THE ONLY SOUND was the frantic, quick rasp of Gladdic’s breathing in the heliosphere. He didn’t move, but he was in terror. He’d seemed calm upon my arrival, but as we ticked down to the last minutes, his breathing rasped, his body trembled visibly. I sat behind him ready to spring if he panicked, if he fled. My idle gaze roved the heliosphere and determined all the weapons he could seize and deploy on me. The best was that chalice of burning oil.

I would overcome him and kill him, whatever he did, but I expected him to fight.

Yet he did not.

“Aren’t you at least going to try to run away?” I wondered. “Or fight me?”

“There’d be no point.”

“Of course not, but you’re dead one way or another. I’d try.”

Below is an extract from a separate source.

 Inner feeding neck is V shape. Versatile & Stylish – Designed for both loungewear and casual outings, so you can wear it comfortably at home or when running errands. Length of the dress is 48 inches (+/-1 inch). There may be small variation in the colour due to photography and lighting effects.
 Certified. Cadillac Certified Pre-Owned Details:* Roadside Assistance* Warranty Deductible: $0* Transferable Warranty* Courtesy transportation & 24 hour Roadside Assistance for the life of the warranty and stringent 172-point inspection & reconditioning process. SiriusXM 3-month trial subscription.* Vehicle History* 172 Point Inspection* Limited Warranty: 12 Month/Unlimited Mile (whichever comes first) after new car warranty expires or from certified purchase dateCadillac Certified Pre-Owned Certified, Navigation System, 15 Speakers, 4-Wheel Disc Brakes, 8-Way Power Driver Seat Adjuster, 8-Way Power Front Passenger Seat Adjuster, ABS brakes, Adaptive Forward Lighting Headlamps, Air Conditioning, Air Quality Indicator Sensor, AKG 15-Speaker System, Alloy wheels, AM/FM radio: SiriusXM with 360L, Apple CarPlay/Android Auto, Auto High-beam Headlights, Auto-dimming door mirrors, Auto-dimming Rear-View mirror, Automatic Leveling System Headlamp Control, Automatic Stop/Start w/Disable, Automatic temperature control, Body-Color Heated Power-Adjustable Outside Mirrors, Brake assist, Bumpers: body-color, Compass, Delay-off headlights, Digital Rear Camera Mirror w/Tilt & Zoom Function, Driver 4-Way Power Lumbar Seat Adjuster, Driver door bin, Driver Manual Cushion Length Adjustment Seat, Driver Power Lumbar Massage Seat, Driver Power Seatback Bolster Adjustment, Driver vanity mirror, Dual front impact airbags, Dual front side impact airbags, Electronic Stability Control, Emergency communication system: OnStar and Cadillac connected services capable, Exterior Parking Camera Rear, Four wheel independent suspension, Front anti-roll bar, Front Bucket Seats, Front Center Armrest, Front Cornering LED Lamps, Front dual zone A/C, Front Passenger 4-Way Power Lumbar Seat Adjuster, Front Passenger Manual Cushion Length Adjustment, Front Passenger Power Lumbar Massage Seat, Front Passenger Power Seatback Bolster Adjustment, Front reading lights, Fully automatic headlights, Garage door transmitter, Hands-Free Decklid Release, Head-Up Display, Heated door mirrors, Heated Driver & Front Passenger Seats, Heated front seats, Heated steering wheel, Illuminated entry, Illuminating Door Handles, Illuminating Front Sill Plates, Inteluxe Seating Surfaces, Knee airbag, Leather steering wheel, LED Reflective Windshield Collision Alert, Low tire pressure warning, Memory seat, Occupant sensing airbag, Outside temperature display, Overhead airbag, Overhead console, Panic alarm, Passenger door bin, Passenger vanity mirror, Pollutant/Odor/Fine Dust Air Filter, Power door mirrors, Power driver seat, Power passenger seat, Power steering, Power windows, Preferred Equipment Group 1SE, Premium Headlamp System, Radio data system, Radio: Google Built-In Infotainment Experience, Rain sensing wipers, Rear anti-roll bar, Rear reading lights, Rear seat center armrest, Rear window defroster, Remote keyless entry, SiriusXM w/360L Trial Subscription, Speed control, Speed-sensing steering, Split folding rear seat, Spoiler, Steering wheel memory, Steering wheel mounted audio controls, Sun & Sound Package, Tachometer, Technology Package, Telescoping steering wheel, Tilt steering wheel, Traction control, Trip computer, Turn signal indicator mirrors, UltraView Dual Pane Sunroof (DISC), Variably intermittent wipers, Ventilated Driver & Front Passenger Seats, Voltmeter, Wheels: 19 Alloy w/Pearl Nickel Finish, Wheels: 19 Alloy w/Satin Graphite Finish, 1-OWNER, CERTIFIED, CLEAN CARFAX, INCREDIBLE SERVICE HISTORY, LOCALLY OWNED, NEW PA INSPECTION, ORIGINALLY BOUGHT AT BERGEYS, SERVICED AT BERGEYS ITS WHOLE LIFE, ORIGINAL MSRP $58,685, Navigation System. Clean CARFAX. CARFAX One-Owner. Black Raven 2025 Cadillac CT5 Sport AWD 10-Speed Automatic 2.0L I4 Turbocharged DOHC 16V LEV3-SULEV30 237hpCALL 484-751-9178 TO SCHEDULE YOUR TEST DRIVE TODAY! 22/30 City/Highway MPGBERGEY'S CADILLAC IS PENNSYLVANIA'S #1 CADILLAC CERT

He let out a shuddering sigh, and I saw his chalice was burning the last of its oil. “I know this is how it works. My father always found me disappointing. He wouldn’t mourn long. I . . . I don’t blame you. Or the Emperor. Don’t feel guilty.”

“I won’t,” I said, perplexed.

Before us, the midnight black sky lightened to a deep purple. A brilliant orange line snaked across the horizon. My gaze had been fixed on Gladdic’s back, but the sight captured my attention. The dark purple grew to a brilliant purple edged with clouds of brightest pink and orange, and the golden orange over the mountains grew larger, burnishing the mountains gold.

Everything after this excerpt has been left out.